---------- Data supplied

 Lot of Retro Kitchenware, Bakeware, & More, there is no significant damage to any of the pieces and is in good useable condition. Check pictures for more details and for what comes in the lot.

--------------------
---------- Data supplied

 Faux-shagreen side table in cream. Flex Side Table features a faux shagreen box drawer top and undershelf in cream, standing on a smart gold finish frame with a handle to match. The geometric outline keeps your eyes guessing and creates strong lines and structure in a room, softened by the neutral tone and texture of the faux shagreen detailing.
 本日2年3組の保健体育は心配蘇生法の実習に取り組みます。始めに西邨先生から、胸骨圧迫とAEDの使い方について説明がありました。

--------------------

About this exercise: Above are the records. Copy the lines beginning at the one that has "Faux-shagreen side table" and ending with the one that has "本日2年3組の保健体育は心配", unchanged.

Answer space:
 Faux-shagreen side table in cream. Flex Side Table features a faux shagreen box drawer top and undershelf in cream, standing on a smart gold finish frame with a handle to match. The geometric outline keeps your eyes guessing and creates strong lines and structure in a room, softened by the neutral tone and texture of the faux shagreen detailing.
 本日2年3組の保健体育は心配蘇生法の実習に取り組みます。始めに西邨先生から、胸骨圧迫とAEDの使い方について説明がありました。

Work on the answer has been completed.